### [Given material]
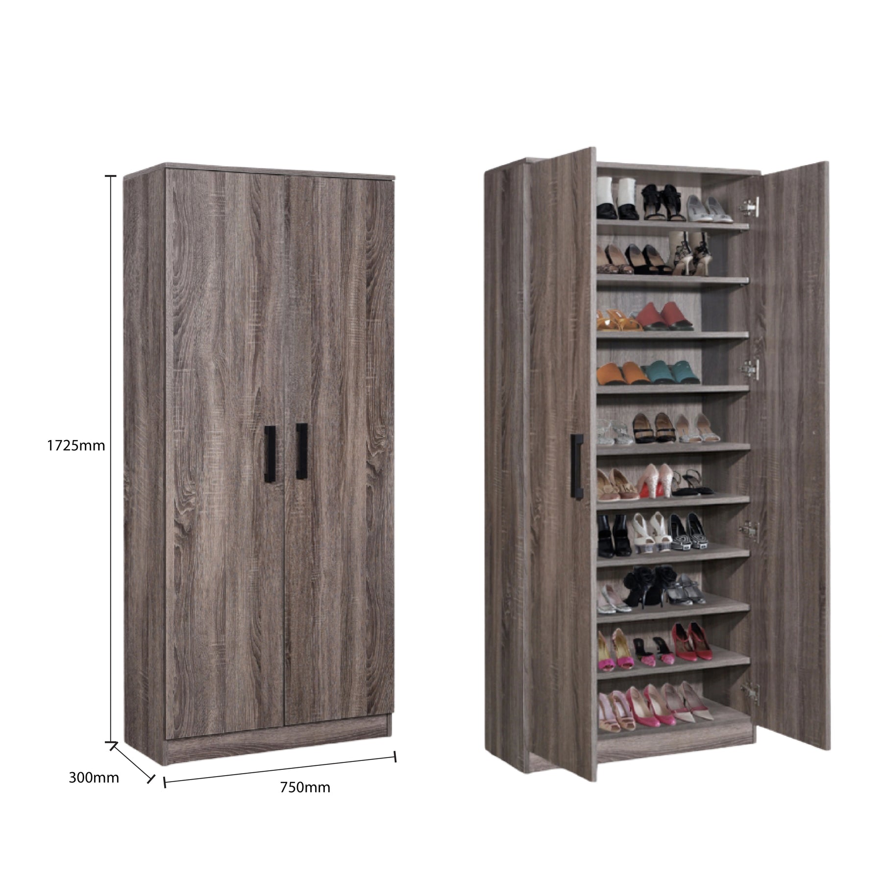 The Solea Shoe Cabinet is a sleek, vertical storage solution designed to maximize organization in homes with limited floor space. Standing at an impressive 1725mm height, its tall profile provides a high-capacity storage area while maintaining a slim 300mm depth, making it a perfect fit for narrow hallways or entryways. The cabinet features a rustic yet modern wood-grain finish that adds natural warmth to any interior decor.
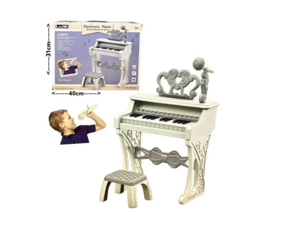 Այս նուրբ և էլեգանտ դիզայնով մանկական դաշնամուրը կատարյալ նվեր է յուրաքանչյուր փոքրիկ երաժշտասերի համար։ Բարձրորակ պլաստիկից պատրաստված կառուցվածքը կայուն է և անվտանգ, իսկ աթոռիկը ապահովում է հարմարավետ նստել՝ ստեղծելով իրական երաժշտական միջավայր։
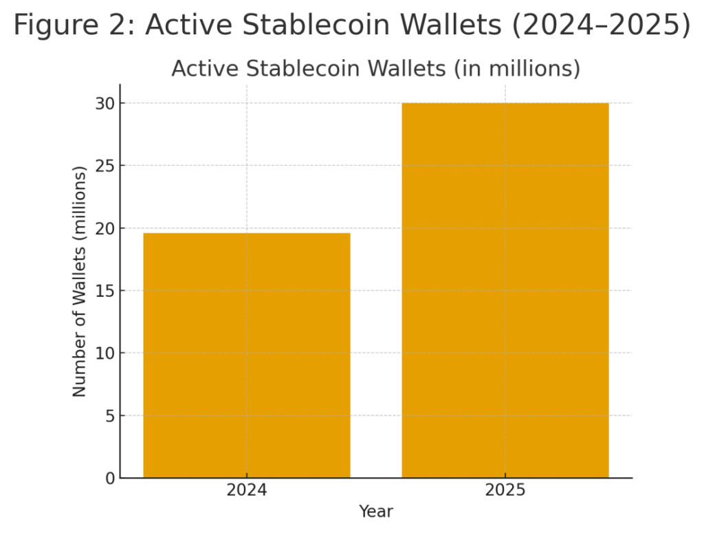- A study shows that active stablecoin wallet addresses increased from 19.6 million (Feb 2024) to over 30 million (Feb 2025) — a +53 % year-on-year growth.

### [Problem statement]
Give all of the material again, exactly, apart from the pictures.

### [Task solution]
 The Solea Shoe Cabinet is a sleek, vertical storage solution designed to maximize organization in homes with limited floor space. Standing at an impressive 1725mm height, its tall profile provides a high-capacity storage area while maintaining a slim 300mm depth, making it a perfect fit for narrow hallways or entryways. The cabinet features a rustic yet modern wood-grain finish that adds natural warmth to any interior decor.
 Այս նուրբ և էլեգանտ դիզայնով մանկական դաշնամուրը կատարյալ նվեր է յուրաքանչյուր փոքրիկ երաժշտասերի համար։ Բարձրորակ պլաստիկից պատրաստված կառուցվածքը կայուն է և անվտանգ, իսկ աթոռիկը ապահովում է հարմարավետ նստել՝ ստեղծելով իրական երաժշտական միջավայր։
- A study shows that active stablecoin wallet addresses increased from 19.6 million (Feb 2024) to over 30 million (Feb 2025) — a +53 % year-on-year growth.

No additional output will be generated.